[[ Records for the task, beginning ]]

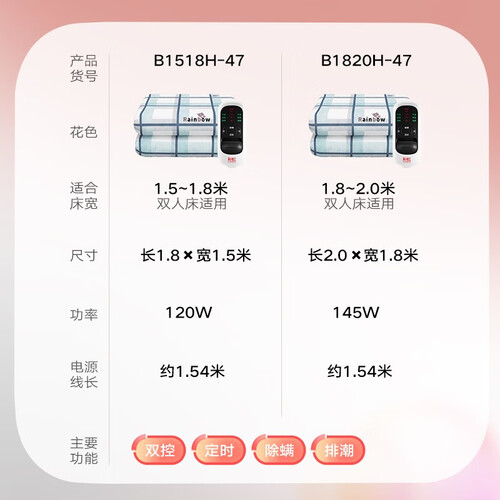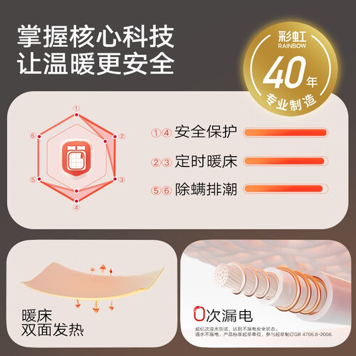 彩虹(RAINBOW)电热毯双人电褥子双控长2.0/1.8m排潮定时除螨自动断电暖床电毯子 定时除螨双控长2.0米*宽1.8米无纺布
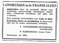 ca. 1957 ad in which my parents offer their agency in the acquisition of French Alps 'estates' (landhuizen)
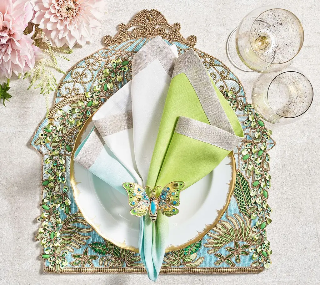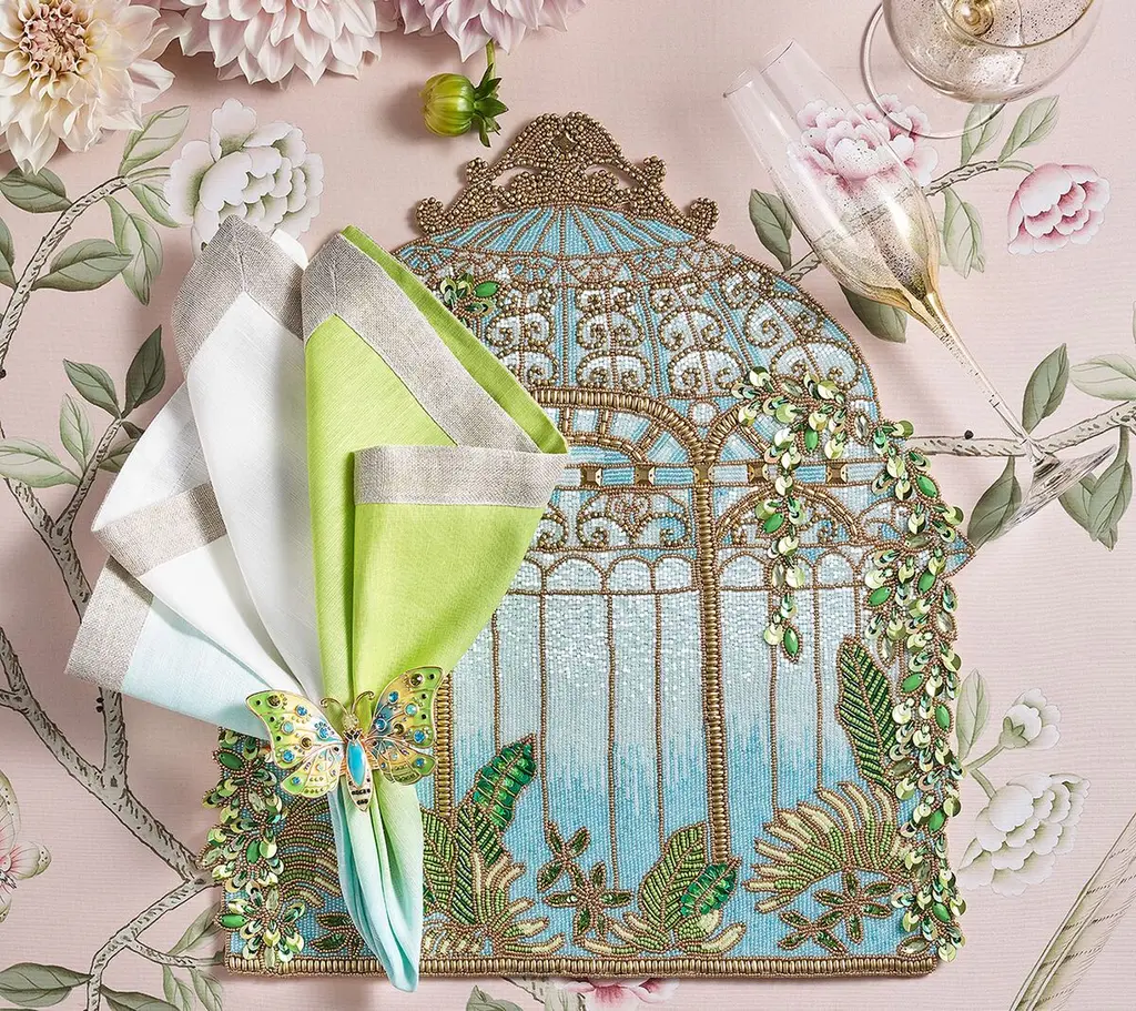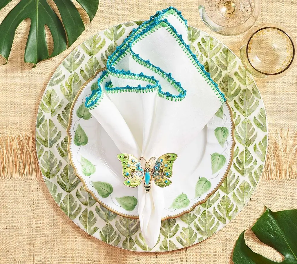 Inspired by the romantic beauty of abandoned Victorian greenhouses, the cast Arbor Napkin Ring features an exquisite butterfly with hand-painted enamel and rhinestone application. The perfect addition to a dreamy, whimsical setting.
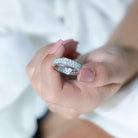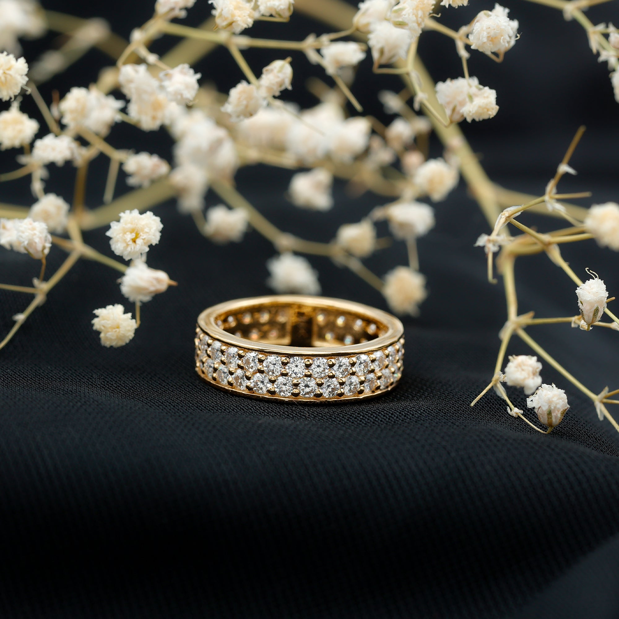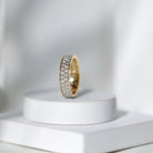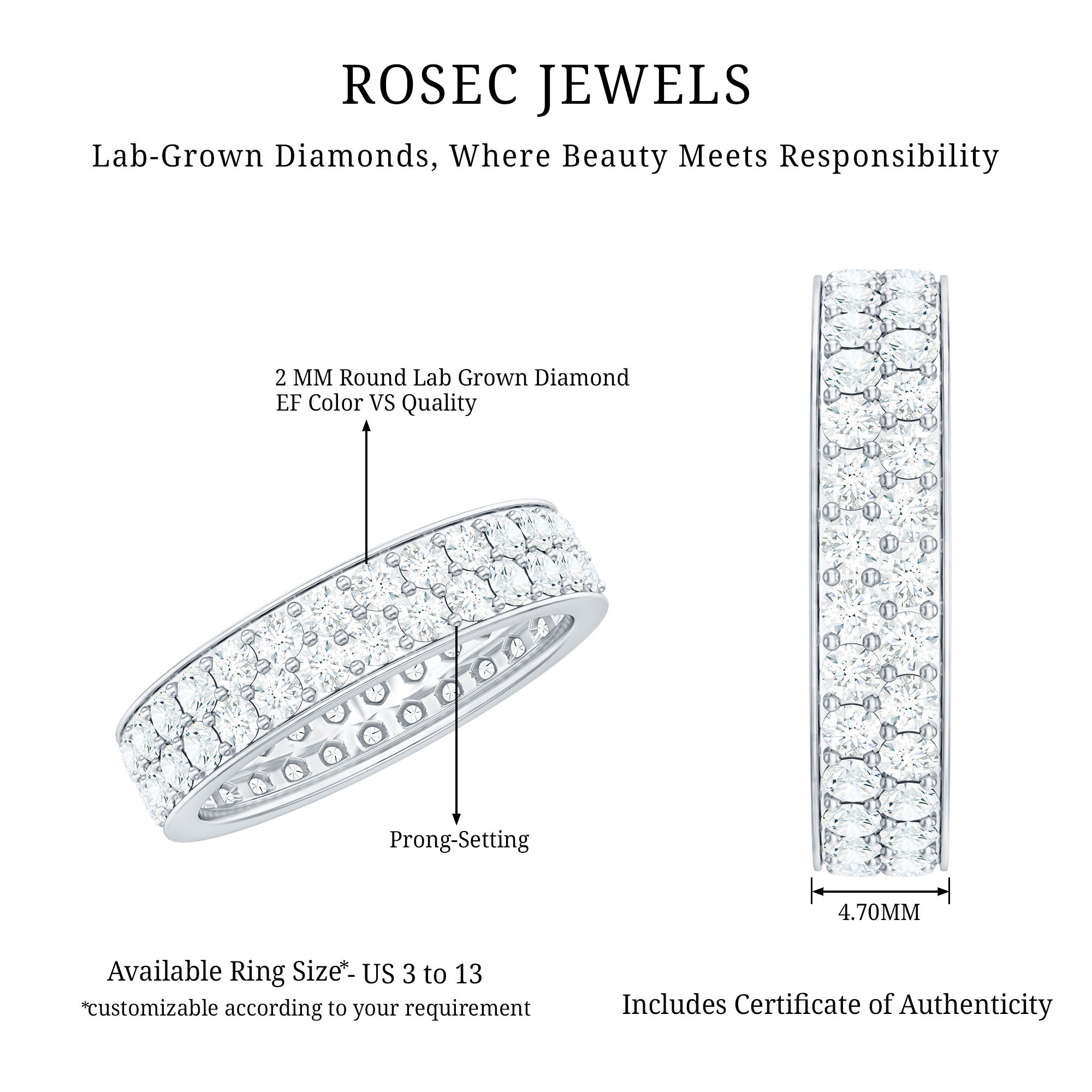 This stunning Lab Grown Diamond Band Ring perfectly blends elegance and sparkle with a vibrant appearance. This Eternity Wedding Band features with Round Shaped Lab Grown Diamond in Pave Setting making beautiful 2 Rows on the band. The Pave Set Diamond Ring in an eternity pattern symbolizes never ending love and is also a great reminder for the one who loves to wear the extra dose of sparkle. Being a standalone piece, this Diamond Eternity Band is perfect for anniversaries, weddings, April birthdays or while celebrating any special occasion. The EF-VS Quality Lab Diamond has a stunning appearance giving a reflection of the stylish light.
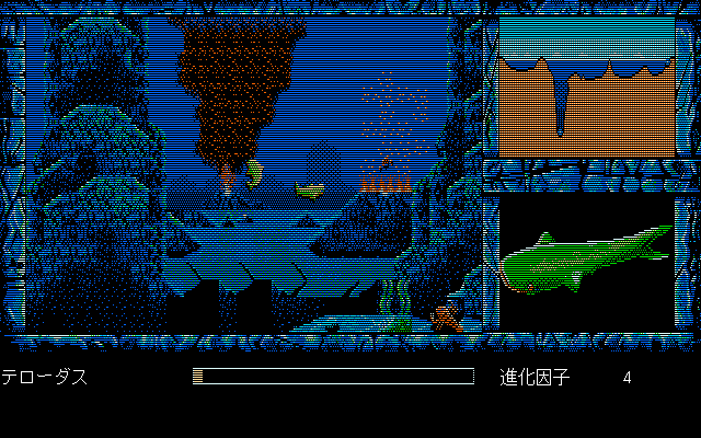 The RPG tripod of Square, Enix and Falcom all started out on old computers. Square produced quite a few RPGs with very unusual battle systems for the PC-8801, like Cruise Chaser Blassty, featuring a customisable first-person mecha, and Genesis, a Mad Max-style RPG. Enix originally focused on adventure games before finding their niche in RPGs. One notable Enix title was 46 Okunen Monogatari, released for the PC-9801 in 1990. This unique evolution-themed RPG was later heavily revised and released for the SNES under the title E.V.O.: Search for Eden.
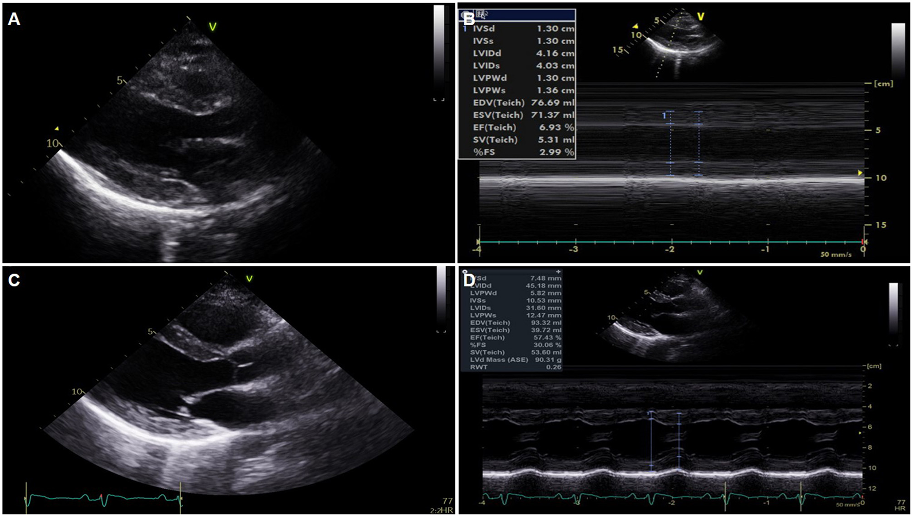 Serial changes of echocardiography. (A,B) Global akinesia with severe left ventricular (LV) dysfunction and marked edematous left ventricular wall thickening on portable echocardiography performed just after extracorporeal membrane oxygenation application. (C,D) Normalized LV function and wall thickness on pre-discharge echocardiography.

[[ Records for the task, end ]]

### Exercise brief
Begin at the line containing "The RPG tripod" and extract every line through the end of the records, inclusive, exactly and only; omit pictures.

### Response area
 The RPG tripod of Square, Enix and Falcom all started out on old computers. Square produced quite a few RPGs with very unusual battle systems for the PC-8801, like Cruise Chaser Blassty, featuring a customisable first-person mecha, and Genesis, a Mad Max-style RPG. Enix originally focused on adventure games before finding their niche in RPGs. One notable Enix title was 46 Okunen Monogatari, released for the PC-9801 in 1990. This unique evolution-themed RPG was later heavily revised and released for the SNES under the title E.V.O.: Search for Eden.
 Serial changes of echocardiography. (A,B) Global akinesia with severe left ventricular (LV) dysfunction and marked edematous left ventricular wall thickening on portable echocardiography performed just after extracorporeal membrane oxygenation application. (C,D) Normalized LV function and wall thickness on pre-discharge echocardiography.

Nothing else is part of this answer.